Add ACTION_MAX_LIFETIME env var (default 8h) that caps total session
wall-clock time independently of ACTION_IDLE_TIMEOUT.  A background
watchdog sleeps for the remaining lifetime and, when triggered, kills
the tmux session, posts a summary comment on the issue, writes
PHASE:failed with a max_lifetime reason, and escalates to the
supervisor.

Co-Authored-By: Claude Opus 4.6 (1M context) <noreply@anthropic.com>
---
 AGENTS.md              |  1 +
 action/action-agent.sh | 43 ++++++++++++++++++++++++++++++++++++++++++
 2 files changed, 44 insertions(+)

diff --git a/AGENTS.md b/AGENTS.md
index 1bc24d1..d518752 100644
--- a/AGENTS.md
+++ b/AGENTS.md
@@ -270,6 +270,7 @@ issues labeled `action` that have no active tmux session, then spawns
 - `CODEBERG_TOKEN`, `CODEBERG_REPO`, `CODEBERG_API`, `PROJECT_NAME`, `CODEBERG_WEB`
 - `MATRIX_TOKEN`, `MATRIX_ROOM_ID`, `MATRIX_HOMESERVER` — Matrix notifications + human input
 - `ACTION_IDLE_TIMEOUT` — Max seconds before killing idle session (default 14400 = 4h)
+- `ACTION_MAX_LIFETIME` — Max total session wall-clock seconds (default 28800 = 8h); caps session independently of idle timeout
 
 ---
 
diff --git a/action/action-agent.sh b/action/action-agent.sh
index f0920a4..d1a4fcb 100644
--- a/action/action-agent.sh
+++ b/action/action-agent.sh
@@ -32,6 +32,8 @@ LOCKFILE="/tmp/action-agent-${ISSUE}.lock"
 LOGFILE="${FACTORY_ROOT}/action/action-poll-${PROJECT_NAME:-harb}.log"
 THREAD_FILE="/tmp/action-thread-${ISSUE}"
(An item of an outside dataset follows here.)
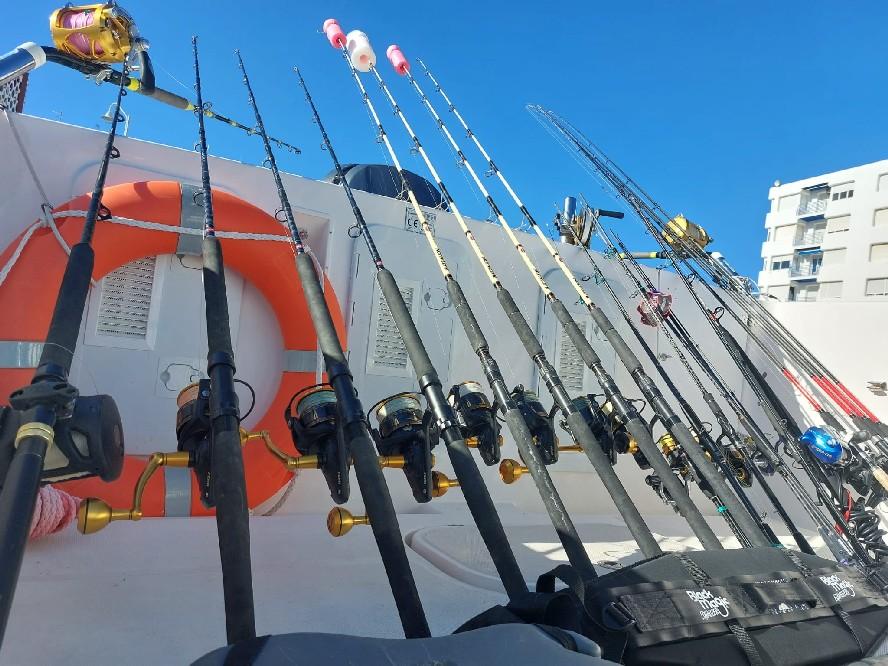 Daarnaast zijn er twee elektronische reels om snel levend aas en vis voor chumming op diepte te vangen. En tenslotte hebben we Sa quiver (feeder)sets voor het voor ankervissen op zeebaars. Zoals je kan zien; voor alle soorten visserij is er een perfecte set up en hoef je dus zelf niets mee te nemen. Ook qua kunstaas is hier een ruim assortiment aanwezig.

 IDLE_TIMEOUT="${ACTION_IDLE_TIMEOUT:-14400}"  # 4h default
+MAX_LIFETIME="${ACTION_MAX_LIFETIME:-28800}" # 8h default wall-clock cap
+SESSION_START_EPOCH=$(date +%s)
 
 # --- Phase handler globals (agent-specific; defaults in phase-handler.sh) ---
 # shellcheck disable=SC2034  # used by phase-handler.sh
@@ -84,6 +86,11 @@ fi
 echo $$ > "$LOCKFILE"
 
 cleanup() {
+  # Kill lifetime watchdog if running
+  if [ -n "${LIFETIME_WATCHDOG_PID:-}" ] && kill -0 "$LIFETIME_WATCHDOG_PID" 2>/dev/null; then
+    kill "$LIFETIME_WATCHDOG_PID" 2>/dev/null || true
+    wait "$LIFETIME_WATCHDOG_PID" 2>/dev/null || true
+  fi
   rm -f "$LOCKFILE"
   agent_kill_session "$SESSION_NAME"
   # Best-effort docker cleanup for containers started during this action
@@ -262,6 +269,31 @@ log "initial prompt injected into session"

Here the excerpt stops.